Today I heard from MIT research scientist Andrei Barbu about his work at the LLM and how to prevent certain types of problems related to data leaks.
“We are particularly interested in studying language,” he said of his research, noting some of the team’s goals in this area.
Thinking about the duality of human and computer cognition, he pointed out some differences. For example, he said, humans teach each other. Another thing humans can do is keep secrets, which may be difficult for digital humans.
“The problem is with LLM programs,” he said, explaining the potential for leaks. “They can’t keep secrets.”
In explaining how to identify the problem, Barbu cited prompt injection attacks as a prime example, something similar to what we heard shortly before from Adam Chipala, who mentioned the verifiable software principle as a potential solution.
But Barbu pointed out something that I found interesting, which is kind of a dilemma for systems that aren’t very good at containing data.
“A model is only as sensitive as the most sensitive data stored within it,” he explained. “Humans can inspect the model. … (But) the model is only as vulnerable to attack as the least sensitive data stored within it.”
In some cases, he suggested, people could contaminate models quite easily.
Solution: Barbu explained their customized model with some tweaks and how it works.
Specifically, he was talking about something called Low Rank Adaptation, or LORA, a fine-tuning method developed at Microsoft in 2021.
Upon investigation, experts point out two things that LORA does uniquely: it tracks weight changes rather than updating them directly, and it separates parameters by splitting a large matrix of weight changes into smaller matrices.
In discussing some of the techniques involved, Barbu spoke about extracting what you need from a library of components and explained that there are many ways to approach this. He used a Venn diagram to illustrate the differences between, for example, adaptive and selective techniques.
He suggested that strategies such as translating English into SQL could be considered to solve the problem and expedite the solution. But at the end of the day, the challenge remains.
“Security is a binary thing,” he noted. “You either succeed or you fail.”
Now, this part of the presentation caught my attention. Barbu talked about some AI tools that could significantly reduce the effort of information security. He described a situation where the tools would sit on the network, look for sensitive information, and actually provide input.
This, he suggested, could solve some of the pervasive HIPAA issues surrounding the leaking of protected health data.
“Right now, we don’t have a good solution for this,” he said. But with the right tools, maybe it can be done!
Another good idea I heard from his talk was to label “informed puzzles” and “uninformed puzzles” to see where the problems lie.
This would also improve LLM’s ability to maintain confidentiality, he said.

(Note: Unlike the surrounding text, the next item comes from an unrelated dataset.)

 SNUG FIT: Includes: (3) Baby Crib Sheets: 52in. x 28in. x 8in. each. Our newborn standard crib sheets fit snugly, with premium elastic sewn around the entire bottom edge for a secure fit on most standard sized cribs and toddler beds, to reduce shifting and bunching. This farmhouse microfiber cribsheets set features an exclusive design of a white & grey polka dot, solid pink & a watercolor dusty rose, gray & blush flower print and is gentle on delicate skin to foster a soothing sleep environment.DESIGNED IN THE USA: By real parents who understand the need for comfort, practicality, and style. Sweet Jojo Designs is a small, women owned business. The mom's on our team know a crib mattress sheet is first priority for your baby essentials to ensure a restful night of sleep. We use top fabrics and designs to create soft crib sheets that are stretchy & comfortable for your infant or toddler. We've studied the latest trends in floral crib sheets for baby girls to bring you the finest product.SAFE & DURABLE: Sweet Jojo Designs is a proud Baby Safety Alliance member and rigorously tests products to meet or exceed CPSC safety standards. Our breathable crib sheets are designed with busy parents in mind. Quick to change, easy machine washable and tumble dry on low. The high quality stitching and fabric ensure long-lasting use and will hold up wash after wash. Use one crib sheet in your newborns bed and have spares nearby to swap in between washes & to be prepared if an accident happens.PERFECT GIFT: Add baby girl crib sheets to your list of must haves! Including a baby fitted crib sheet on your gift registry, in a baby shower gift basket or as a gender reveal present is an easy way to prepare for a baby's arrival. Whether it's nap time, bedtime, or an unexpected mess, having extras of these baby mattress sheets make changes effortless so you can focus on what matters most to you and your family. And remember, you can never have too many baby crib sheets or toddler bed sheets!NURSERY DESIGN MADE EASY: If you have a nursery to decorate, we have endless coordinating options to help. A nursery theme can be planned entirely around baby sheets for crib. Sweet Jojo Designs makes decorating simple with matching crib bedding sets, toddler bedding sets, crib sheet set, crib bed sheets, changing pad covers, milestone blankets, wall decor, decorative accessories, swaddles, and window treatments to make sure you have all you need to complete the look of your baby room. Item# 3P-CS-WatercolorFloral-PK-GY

“We can build a secure LLM,” he added. “We can build a model that is completely resistant to any kind of attack by just not connecting any parameters that the user should have access to. So there is literally nothing the user can do…”
There was a lot more to the demo, including a very detailed, but very brief, example from Barbu of a scenario where data about alien landings is stored in a database. This was also worth noting, and you’ll need to tune into the video to see it all in detail. However, we’ll continue covering the highlights from the conference in near real time.